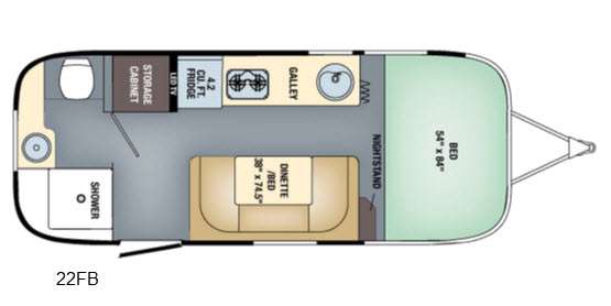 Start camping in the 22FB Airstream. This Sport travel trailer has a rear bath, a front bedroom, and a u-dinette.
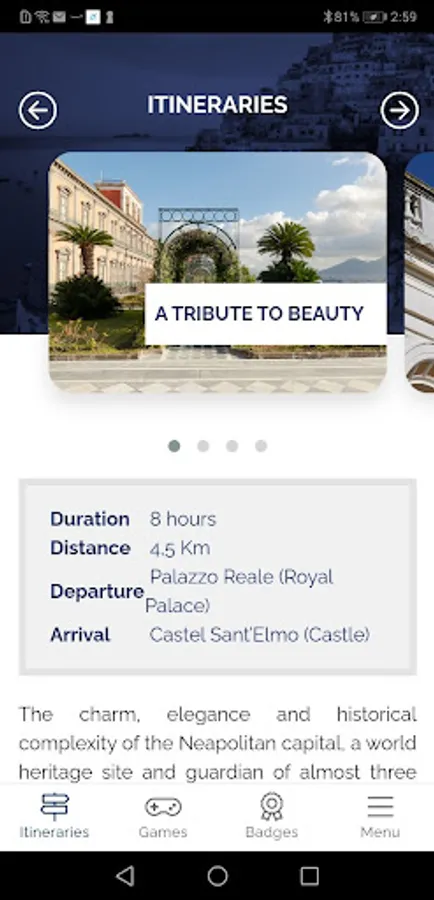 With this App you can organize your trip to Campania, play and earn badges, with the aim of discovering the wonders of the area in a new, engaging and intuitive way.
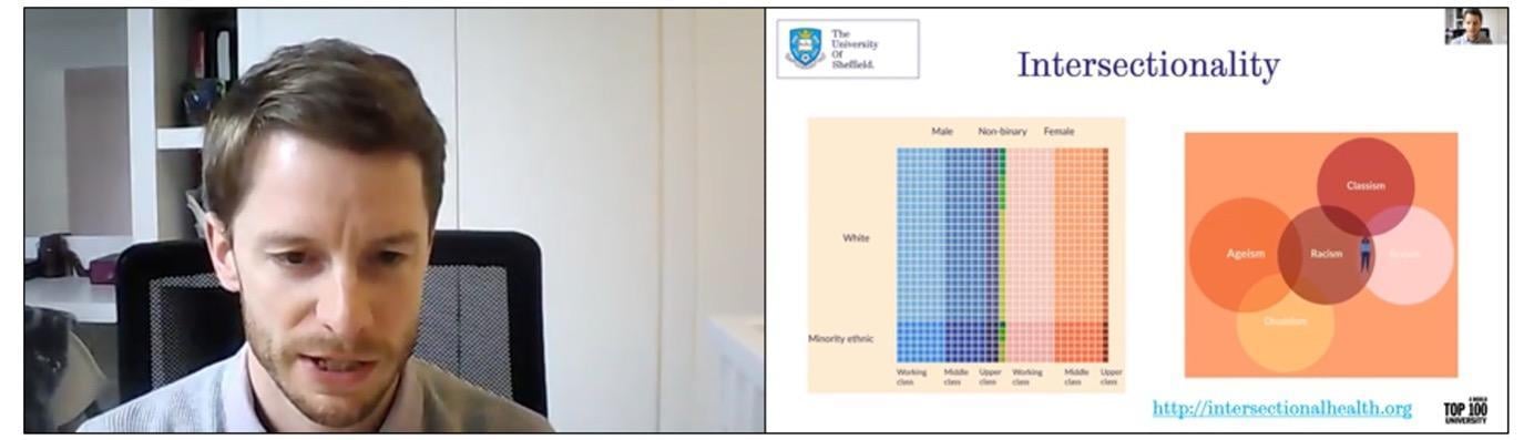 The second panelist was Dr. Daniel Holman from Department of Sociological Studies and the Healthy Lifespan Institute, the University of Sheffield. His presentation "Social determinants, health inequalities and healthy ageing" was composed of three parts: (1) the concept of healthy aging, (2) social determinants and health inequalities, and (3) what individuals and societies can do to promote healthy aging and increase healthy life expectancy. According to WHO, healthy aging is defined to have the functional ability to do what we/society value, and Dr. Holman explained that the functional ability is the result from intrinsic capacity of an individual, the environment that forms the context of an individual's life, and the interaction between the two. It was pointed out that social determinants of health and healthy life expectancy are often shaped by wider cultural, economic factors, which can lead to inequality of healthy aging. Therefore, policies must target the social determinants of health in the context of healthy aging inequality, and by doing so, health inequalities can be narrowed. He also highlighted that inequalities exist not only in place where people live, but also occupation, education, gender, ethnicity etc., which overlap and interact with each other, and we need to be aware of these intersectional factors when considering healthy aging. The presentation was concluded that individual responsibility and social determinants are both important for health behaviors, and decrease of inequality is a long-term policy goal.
┄┄┄┄┄┄
_Task goal_
No pictures belong in the answer, only the lines from the top of the listing through the line containing "With this App", repeated word for word.

_Output_
 Start camping in the 22FB Airstream. This Sport travel trailer has a rear bath, a front bedroom, and a u-dinette.
 With this App you can organize your trip to Campania, play and earn badges, with the aim of discovering the wonders of the area in a new, engaging and intuitive way.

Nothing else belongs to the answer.